Update #3: ZDNet clarifies how much H.264 licensing could rise, should MPEG-LA decide to charge web distributors when the 2015 internet grace period expires:

“What guarantee do licensees have that MPEG LA won’t raise royalty rates by some outrageous amount when the royalty schedules come up for renewal? The current rates are fixed for five years, till the end of 2015, and are renewed again every five years for the life of the patents. That guarantee appears to be in place already in the Summary of AVC License Terms, which sets out the royalties to be paid for different uses of the technology. Here’s the language:
‘[F]or the protection of licensees, royalty rates applicable to specific license grants or specific licensed products will not increase by more than ten percent (10%) at each renewal.’
That goes a long way toward making me feel more comfortable that the cost of H.264 content is not going to impact you and me in any significant way, even after 2016.”


7 Responses to “Does MPEG-LA have the video industry by the proverbial cojones?”  

  1. 1 Jonathan Eric Tyrrell

    I don’t think the issue is around professional content creation, more commercial distribution. The following article appears to lay the matter to rest: http://news.cnet.com/8301-30685_3-20000101-264.html

  2. 2 Matthew Jeppsen

    I wonder how many wedding and dance recital videographers are paying for AVC licenses on all the discs they are shipping to clients?

    It’s interesting to me that the MPEG-LA guy basically insinuates they won’t attempt to enforce the rules with small-time offenders, specifically:

    “Realistically, it’s unlikely that a consumer who unwittingly plays a video clip from an unlicensed source is going to be pursued by MPEG-LA or by patent owners. The legal framework for patent damages is different than it is in the copyright area, so you’re not likely to see lawsuits against ordinary consumers, like some of the highly publicized suits filed by the RIAA [Recording Industry of America] in the United States,” Homiller said.

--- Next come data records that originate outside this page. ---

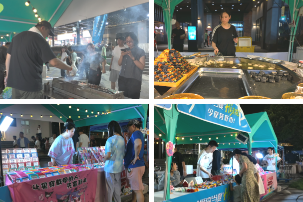 放眼望去,一個個攤位前,攤主們或麻利地打包美食,或笑著招呼詢價的客人,開心的面容與忙碌的身影,構成了市集里最生動的剪影。經營鐵板魷魚攤主剛把一串煎制好的魷魚遞給客戶,用圍裙擦了擦手,笑著說:“我們的食材都是一大早去市場買的新鮮的,我們安心,顧客吃著也放心?!辈贿h處的燒烤攤前,炭火正旺,烤串在鐵架上滋滋冒油,香氣順著晚風飄出老遠。攤主拿著芝麻和辣椒粉撒在肉串上,臉上笑容格外燦爛。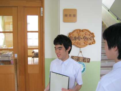 「みなさん、おはようございます。情報印刷の○○です。専門教科『情報印刷』の紹介をはじめます。よろしくお願いします。」「こちらが、ミルキーウェイです。」と、学校紹介や学校案内に向けての練習を行いました。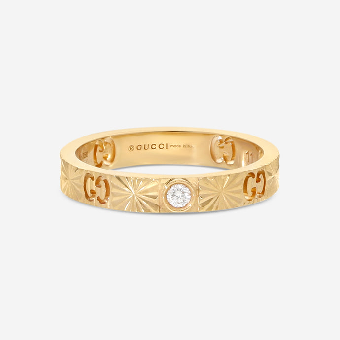 Gucci Icon Ring 18K Yellow Gold and Diamond Band Ring YBC727892002 MSRP $1,500
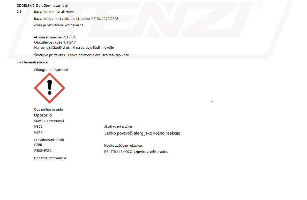 Proizvajalec Ime ali trgovsko ime TENZI Sp. z o.o. Naslov Skarbimierzyce 20, Dołuje, 72–002 Poljska DDV št. PL8512583405 Telefon +48 91 3119777 E-pošta info@tenzi.pl Spletni naslov www.tenzi.pl Pristojna oseba, odgovorna za varnostni list Ime technolog@tenzi.pl E-pošta technolog@tenzi.pl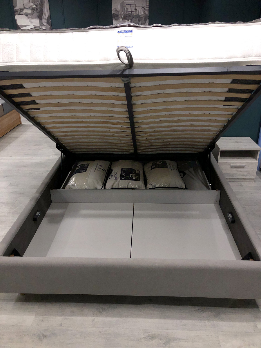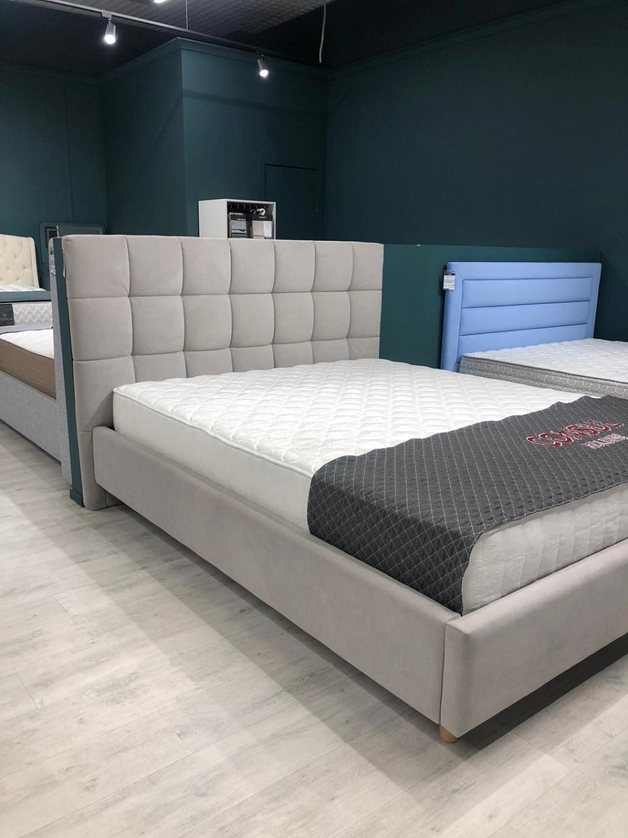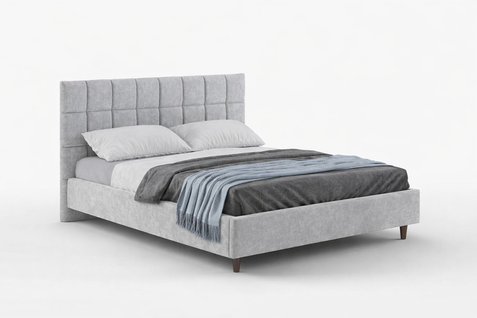 Эта кровать словно создана для тихих вечеров и долгих утр — мягкая обивка с благородной фактурой приглушает свет и добавляет интерьеру спокойствия. Чёткая геометрия изголовья и воздушные пропорции делают образ современным и лёгким, превращая спальню в пространство уюта и визуального баланса.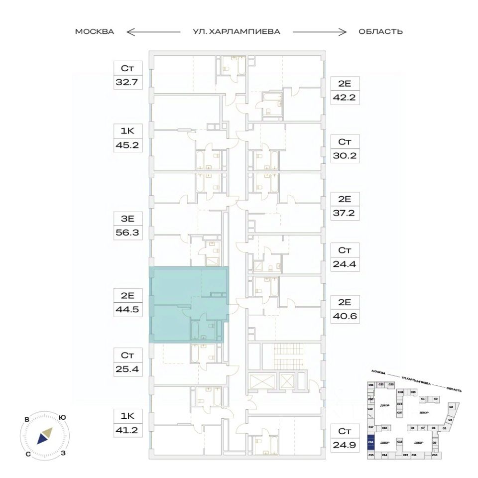 ЖК "Детали" | 2-комнатная квартира, 44.50 м², 16-й этаж.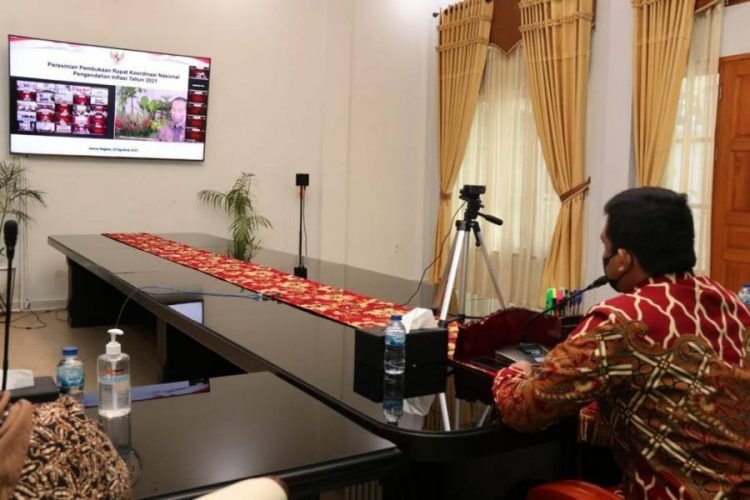 Medan, POL | Wali Kota Medan Bobby Nasution mengikuti Rapat Koordinasi Nasional (Rakornas) Pengendalian Inflasi 2021 di Istana Negara melalui zoom meeting dari Rumah Dinas Wali Kota, Rabu (25/8/2021). Rakornas ini dibuka langsung Presiden Republik Indonesia (RI) Joko Widodo (Jokowi).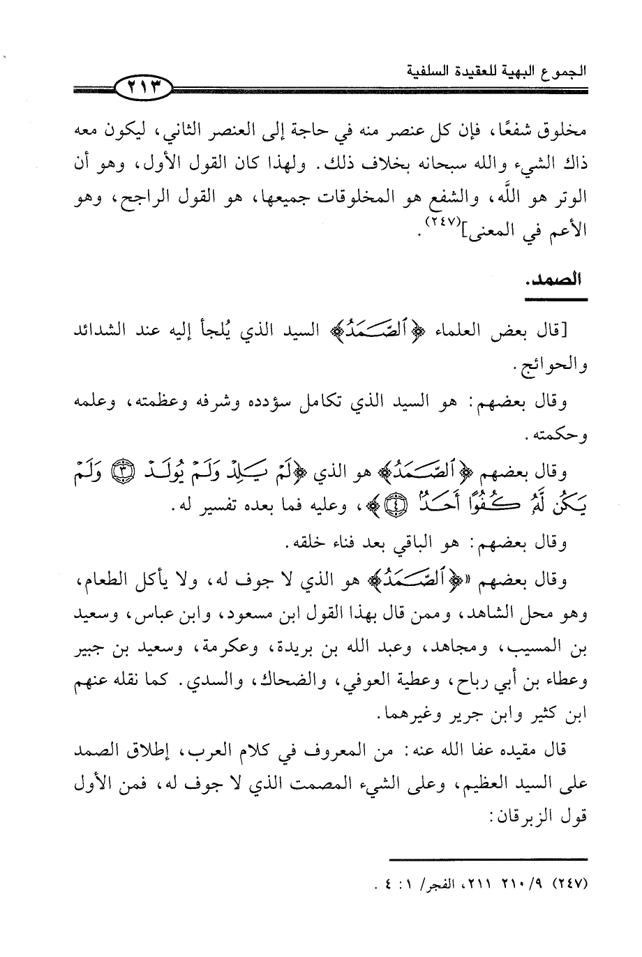 [قَالَ بَعْضُ الْعُلَمَاءِ {الصَّمَدُ} السَّيِّدُ الَّذِي يُلجأ إِلَيْهِ عِنْدَ الشَّدَائِدِ وَالْحَوَائِجِ.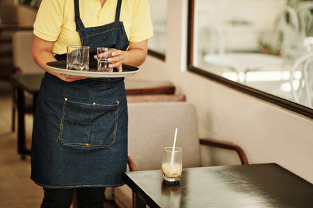 Cropped image of cafe waitress collecting dirty glasses from tables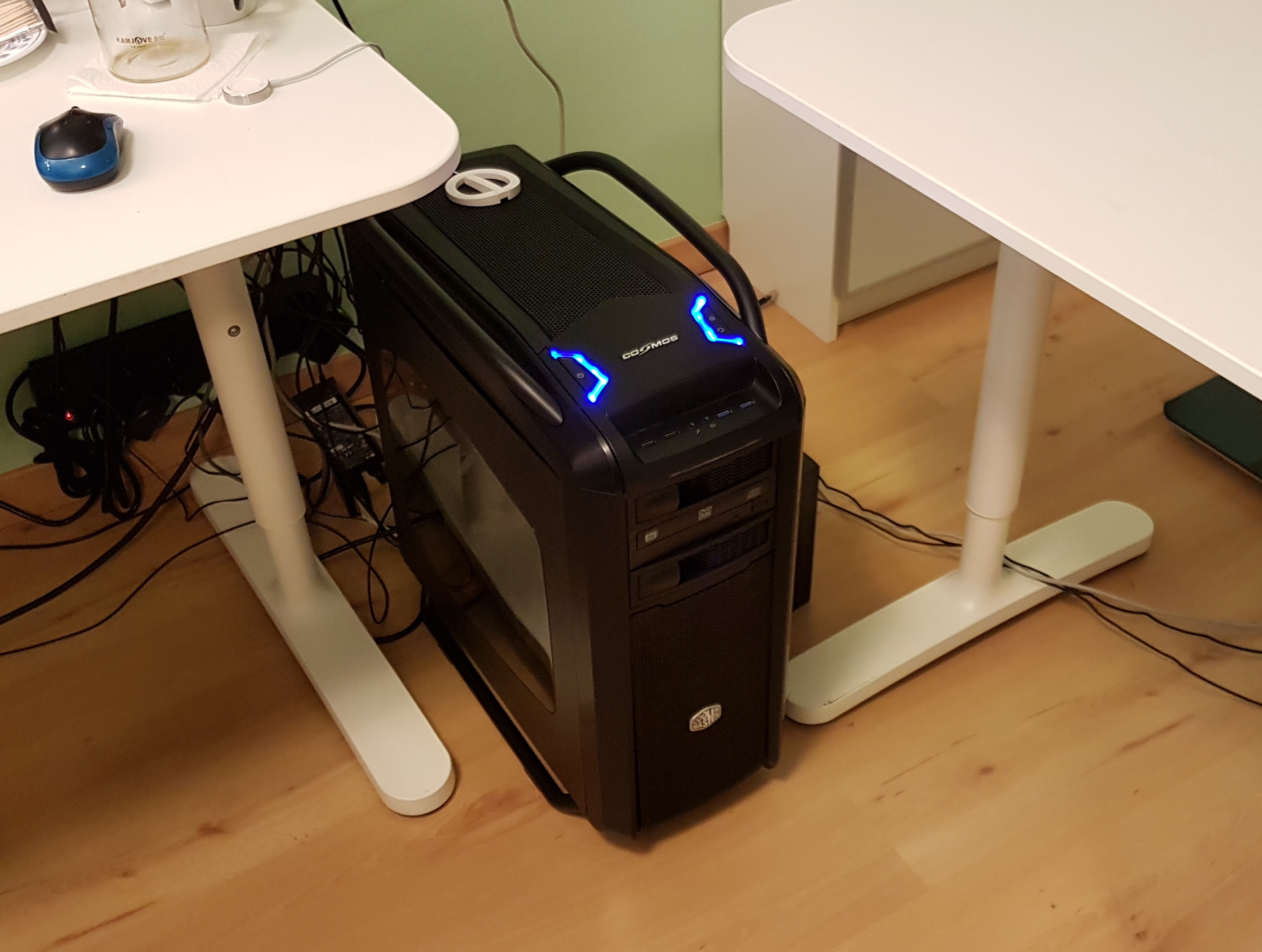 Перебортировал свой орденадор. Люблю я это дело - новый корпусок, новые кулеры и все такое. Правда, не нашел, к чему подключать светодиоды передней панели (там двухконтактные головки, которые на матери втыкать просто некуда), но мне как-то и не надо, чтобы она светилась: главное - было куда подключить все пять кулеров корпуса. И очень понравилось, что в этом корпусе жесткие диски ставятся в корзину поперек - намного удобнее подводить кабели.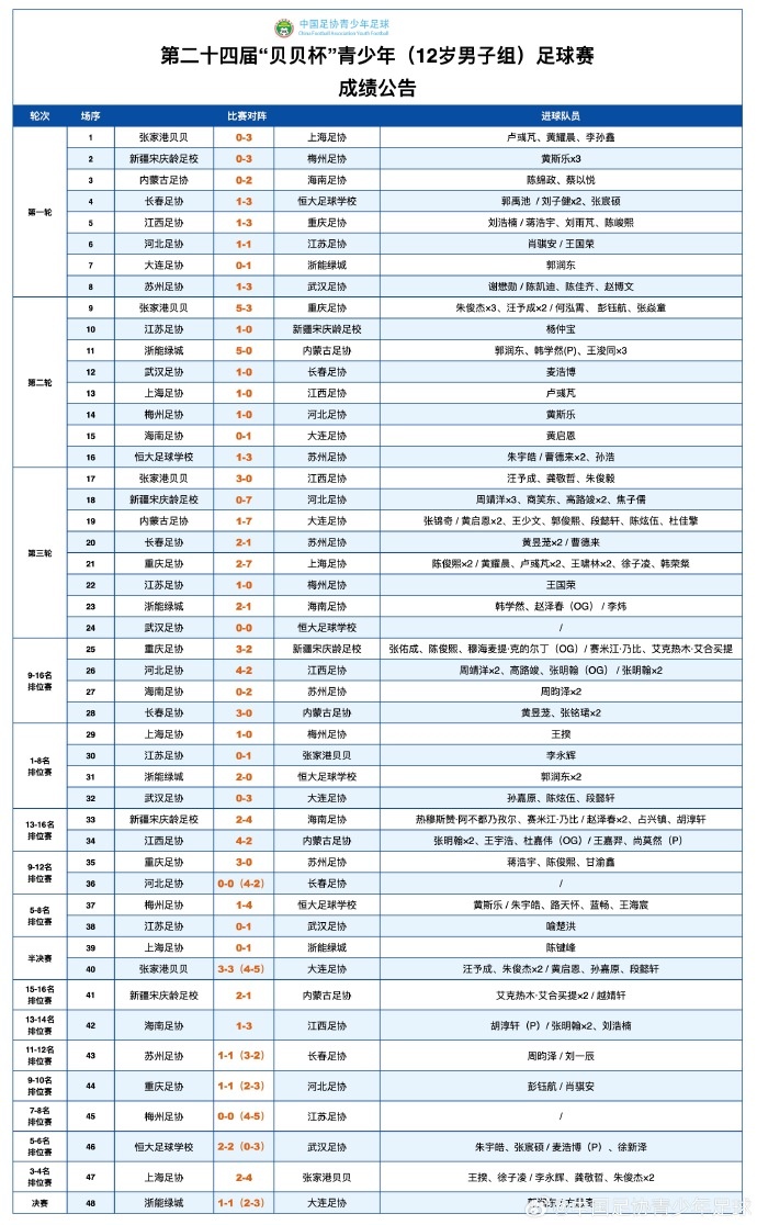 2023年中国足球协会第二十四届“贝贝杯”青少年(12岁男子组)足球赛圆满结束

    So the license is written overly-broad to protect from large abuses and potential loopholes…and they look the other way and whistle while the small production guys (unwittingly) violate the rules? Interesting…

    -MJ

  3. 3 Jonathan Eric Tyrrell

    When you put it like that I’m not sure how different the situation is to software licensing and piracy in general.

  4. 4 hotchkiss

    The most responsible thing to do- is violate this absurd \license\ at every possible juncture. So a codec manufacturer can tell you how you can use your camera? This notion of intellectual property is on the rise, it is the perverse province of tyrants and tyranny.

    This has nothing to do with piracy or software licensing, it is attempted control over content.Is it possible/legal/or moral for a shovel manufacturer to tell the user how to use the shovel, or for what kinds of projects? Or to limit how big of a hole one is allowed to dig?

    Imagine Nikon trying to control how raw files made from one of it’s cameras can be used.

    I suspect that enforcement of these kinds of ridiculous claims on intellectual property will increase given that revenue streams will continue to dry up along with the economy. MPEG-LA can kiss my …..!

  5. 5 Charles McKay

    Thank you, Hotchkiss, for talking sense. Since when has the manufacturer of an artist’s oil paints been entitled to a royalty on every painting the artist sells? How absurd. The painter purchased his creative tools; he may now use them as he sees fit, commercially or not, with nothing more owed to the paint company. It is Big Brother at its worst, and surely un-American and unconstitutional as well, for a company to demand a tax such as this on works it did not create.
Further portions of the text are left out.